On the labelnoise, the baseline is at 5dB overall, ranking third currently. Eval is still running for the bleeding.
Actually the time-frequency uncertainty is not the issue here. In particular, if you take a complex spectrogram model, it will also be able to surpass the Ideal Ratio Mask oracle, as you can represent any possible output with a complex spectrogram. The limitation of the IRM is that it uses masking of the input spectrogram, and in particular always reuse the complex phase of the input. This is bad for some instruments, like percussive sound; where getting the phase wrong will make transients (the attack of a drum for instance) sound hollow, or empty. The phase will be wrong if for instance some other instruments overlap in the frequency domain (which is not hard because percussive sounds cover all frequencies during the attack), because the input phase will be some blend from the two instruments. Waveform models; or complex spectrogram model (but not masking ones) can actually predict the right phase and overcome the IRM oracle.
For leaderboard B, I used 150 extra tracks. At the end of the competition I realised it was fine to use the test set from MusDB as well, so I fine tuned including that as well (keeping only the validation set out).
If there was no time limit I could only marginally improve Demucs, maybe by 0.1 dB. Also a limiting factor at the moment, especially for the hybrid model, is not run time but memory on the GPU while training.
I used a mixture of 4 models for my final submissions.
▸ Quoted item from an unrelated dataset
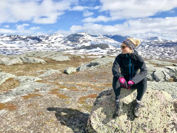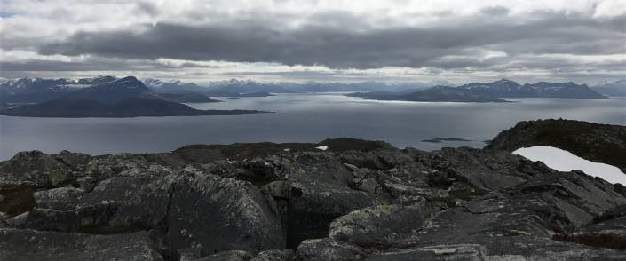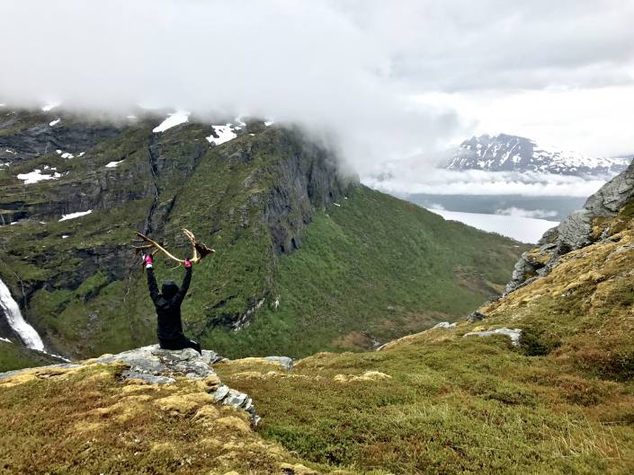 Lofootit jäi taakse ja matkalla pohjoiseen pysähdyimme Grovfjordissa. Kävimme avaamassa kesäkauden eräälle vaelluspolulle, sillä kukaan ei ainakaan vieraskirjan mukaan ollut käynyt sielä sitten viime kesän. Syykin selvisi varsin pian kun huomasimme polun olevan lumen ja vuoristopuron vallassa. Mutta kyllä aina ylös pääsee jos sinne haluaa. Kiipeilymoodi päälle ja menoksi 🙂 Fiilis oli aika huumaava ylhäällä pilvien seassa!

For track A, it was a mixture of hybrid and non hybrid model, trained with different seeds. For track B, it was all hybrid models trained with different seeds.
I will probably keep on working on Demucs, on the longer term, but for the immediate future I will take a break from source separation and mostly work on other deep learning problems. Also, while for the MDX challenge I mostly built on the existing Demucs architecture, I am not sure if the next iteration will be the same, or something completely different.
I will write the paper in september, and most likely release everything in october.
is it possible to watch the webinar ? Was it recorded ? Thanks !
As I am currently on vacation, I cannot attend the townhall in person. I made a short video to present the key novelties of my submission to the challenge. Please ask your questions here if any. I will try to answer as soon as possible, given that I am still on vacation.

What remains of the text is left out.